| Parachurch Organization | by William MacDonald |
In recent years there has been an organizational explosion in Christendom of such proportions as to make one dizzy. Every time a believer gets a new idea for advancing the cause of Christ, he forms a new mission board, corporation, or institution!
One result is that capable teachers and preachers have been called away from their primary ministries in order to become administrators. If all mission board administrators were serving on the mission field, it would greatly reduce the need for personnel there.
Another result of the proliferation of organizations is that vast sums of money are needed for overhead, and thus diverted from direct gospel outreach. The greater part of every dollar given to many Christian organizations is devoted to the expense of maintaining the organization rather than to the primary purpose for which it was founded.

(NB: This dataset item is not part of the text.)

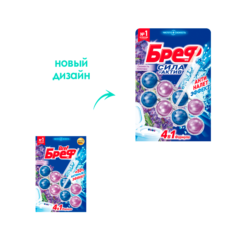 Подвесной блок для унитаза Бреф Сила-Актив Свежесть Лаванды 4в1 Формула 2*50 г

Organizations often hinder the fulfillment of the Great Commission. Jesus told His disciples to teach all the things He had commanded. Many who work for Christian organizations find they are not permitted to teach all the truth of God. They must not teach certain controversial matters for fear they will alienate the constituency to whom they look for financial support.
The multiplication of Christian institutions has too often resulted in factions, jealousy, and rivalry that have done great harm to the testimony of Christ.
And it is often true that. organizations have a way of perpetuating themselves long after they have outlived their usefulness. The wheels grind on heavily even though the vision of the founders has been lost, and the glory of a once dynamic movement has departed. It was spiritual wisdom, not primitive naivete, that saved the early Christians from setting up human organizations to carry on the work of the Lord. G. H. Lang writes:
To the early Christians and their apostolic leadership, the congregation was the divinely ordained unit on earth through which God chose to work, and the only such unit to which He promised perpetuity was the church.